You are what your mother ate
In the last 20 years we have observed a vast increase in the incidence of obesity and its myriad of associated diseases, but we lack a full understanding of what has caused this. There are many players that come together to make up 'team obesity', some having greater impact on the epidemic than others. The superstar strikers are definitely the changes to diet and lifestyle observed in recent years. On the substitutes' bench are genetic mutations; those identified mainly alter feeding habits and cause severe obesity. These are thankfully very rare. Scientists are continually searching for more players in the team who may then be targeted in a therapeutic manner. A strong candidate that has drawn attention recently is foetal programming.
The theory of foetal programming suggests that the developmental environment can lead to long-term changes in an organism.
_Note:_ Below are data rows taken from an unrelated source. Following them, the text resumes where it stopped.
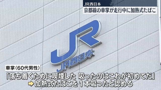 JR西日本は、京都線の車掌が電車の走行中に加熱式たばこを吸っていたと発表しました。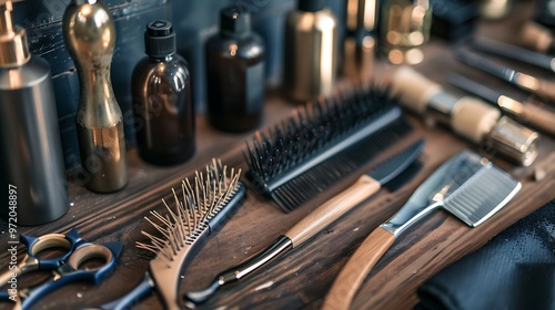 © AI Stock House, Fototapeta premium Multiple instruments used in hair salons to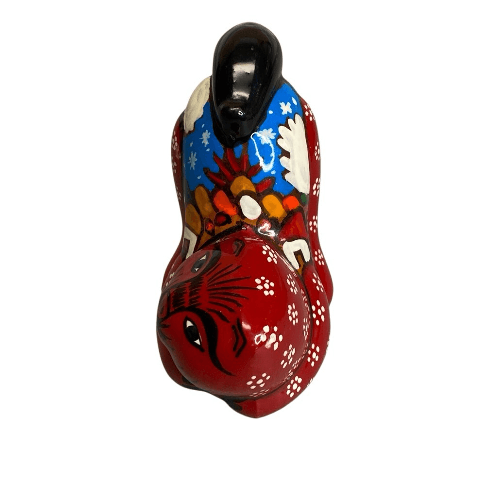 Crouching Mexican Folk Art Red Clay Tonala Cat Whimsical Hand Painted This beautiful handcrafted cat figurine is a stunning example of Mexican folk art. Made from red clay using traditional techniques, it features intricate details that showcase the rich culture of Tonala. No chips or cracks noted. Measures approximately 3.5” tall x 2.25” wide x 4” long.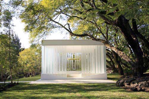 В сопровождении жены за два с половиной года он объездил многочисленные рынки Европы и в конце концов собрал из ненужных частей старых церквей свою собственную маленькую часовню, в которой есть алтарь, купель и даже приобретенный на испанском рынке гобелен с изображением тайной вечери.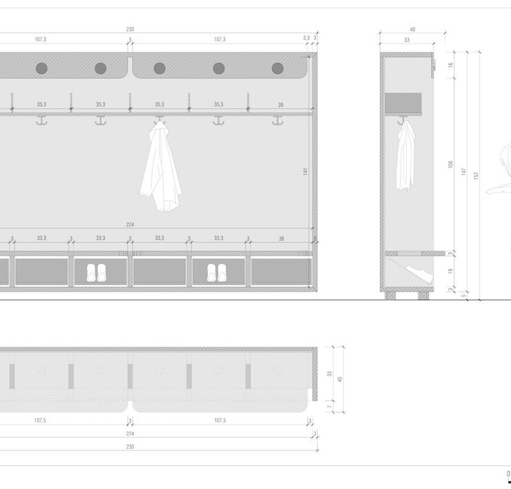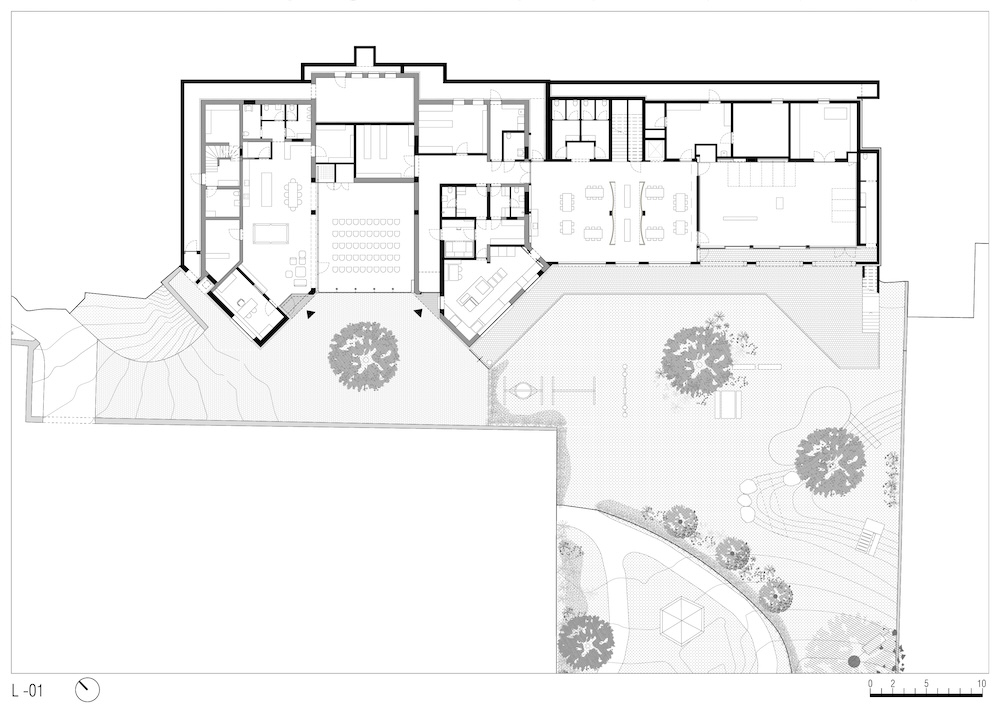 Il livello -1 dell’edificio esistente è stato concepito come uno spazio condiviso dedicato ai tre programmi funzionali, permettendo alla sala polifunzionale che può ospitare 50 persone, alla mensa e alla palestra di creare una serie di ambienti utilizzabili anche in orari extrascolastici dalla collettività, in occasioni pubbliche come eventi, rappresentazioni scolastiche, incontri.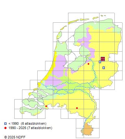 Het aantal atlasblokken (5x5 km) waarin de soort is gemeld binnen een periode van vijf jaar (vanaf 1980) of twintig jaar. Niet gecorrigeerd voor waarnemersinspanning en het aantal doorgegeven waarnemingen kan sterk variëren per periode, dus een trend in verspreiding kan hier niet direct uit worden afgelezen. Het opgegeven jaartal is het eerste jaar van de periode. Bron: gevalideerde waarnemingen uit de NDFF.
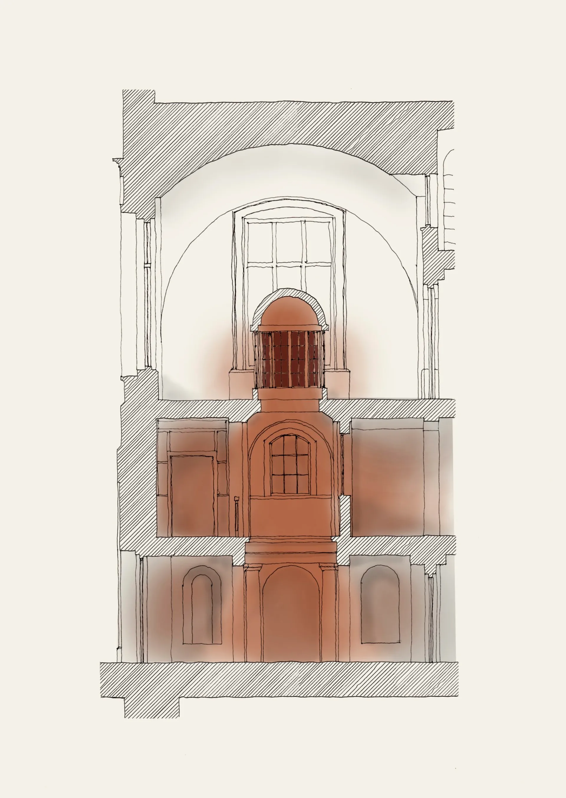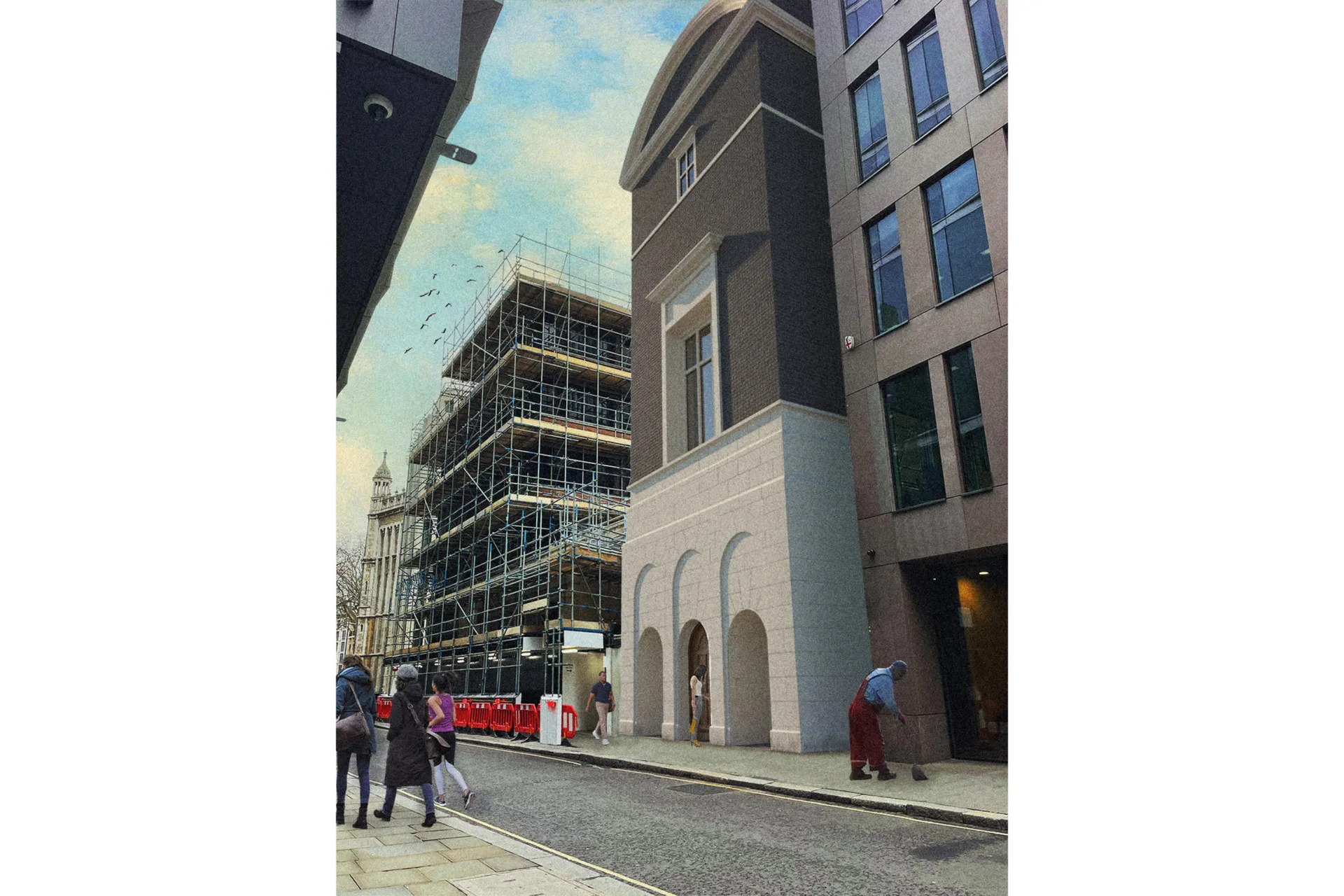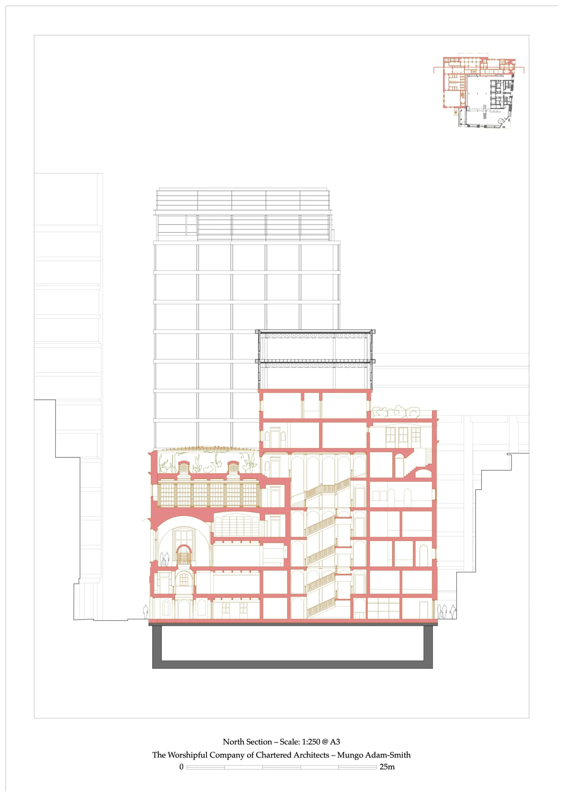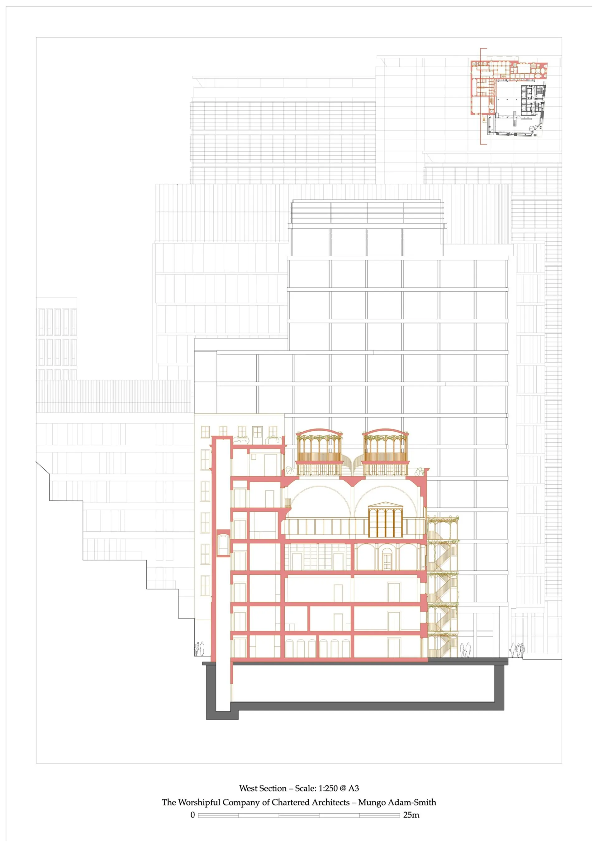 A new home for the Worshipful Company of Chartered Architects in the City of London. A black brick and Portland Stone Livery Hall which primarily explores the ideas of Sir John Soane. The building features a heavy use of arches, domes, rooflights and stained glass. The front elevation faces East towards the centre of the city with a moody entrance vestibule setting the tone for the rest of the building. Main spaces inside include a vaulted top lit Hall and heavily panelled Court Room on the third accessed via a grand staircase inspired by the roman mechanics of Italy’s aqueducts.

The German evolutionary biologist August Weismann nicely illustrated this back in the 19th century. He noticed two distinct forms of the butterfly Pieris napi; butterflies that developed in the winter had dark colourings while those developing in the summer had a lighter pattern. This is a simple but striking example of how the developmental environment, in this case temperature, can alter the message encoded in the genes.
This idea has since been extended to humans and is now suggested to play a role in obesity. This concept first came about from observations made following the Dutch Hunger Winter of 1944. Women who were pregnant during this harsh winter had babies of low birth weight. Although 'starved' during their development, obesity, high blood pressure and heart disease were found at higher prevalence once the babies reached adulthood. This remained true when factors such as current diet and lifestyle were taken into consideration. Importantly, these changes could not be due to genetics, as tens of thousands of people of different backgrounds were affected.
Could under-nutrition during foetal development be a cause for obesity in later life? This could potentially be the case in developing countries, although it is unlikely to play a role in more developed nations, where over-nutrition seems to be the biggest problem.
In the UK for example, over 20% of women of childbearing age are considered obese, a figure which has considerably increased in recent years. It is now well established that these women have more complications during labour and that their newborns are more likely to need time in intensive care following birth.
Could gestational over-nutrition also lead to an increased risk of obesity and diabetes in the offspring? As the obesity epidemic is a relatively new phenomenon, studies addressing this question are, like the children affected, in their infancy. However, preliminary results tend to point in this direction.
Due to the lack of human data available, animal models have been developed to give us insights into the potential problems of maternal obesity. In many research centres, including here at the University of Edinburgh, over-nutrition during pregnancy is being modelled in pregnant rodents fed diets rich in fat and sugar. Although it would seem likely that babies from these mothers would be heavier, increased birth weights are not consistently seen. However, by the time these babies are three months old, there is already evidence of extra fat deposition, altered metabolism of ingested fat and changes in insulin sensitivity, which in the long term can lead to type-2 diabetes. Worryingly, these phenotypes are seen even when offspring are fed a standard balanced diet, suggesting the effects of the maternal diet cannot be easily reversed by a healthy lifestyle. Unsurprisingly, the changes in metabolism mentioned are further exacerbated by feeding offspring a high-calorie diet. This is important as it would seem logical that children growing up with obese parents are more likely to be fed an unbalanced diet and build unhealthy eating habits themselves.
Differences between humans and rodents aside, this research certainly gives us an insight into how conditions during pregnancy may 'programme' the future of a child, though the exact mechanisms that control this continue to elude scientists. Uncovering these mechanisms is now a strong focus of research in animal models of foetal programming, but until they are found it seems a vicious cycle: children born to obese mothers are more likely to become obese themselves, as are their children, and their children's children.
It's clear that the players in team obesity are increasing in number as we add foetal programming to the lineup. Whilst I would never deny 'you are what you eat', I think it’s also worth considering that you might be better or worse off because of what your mother ate.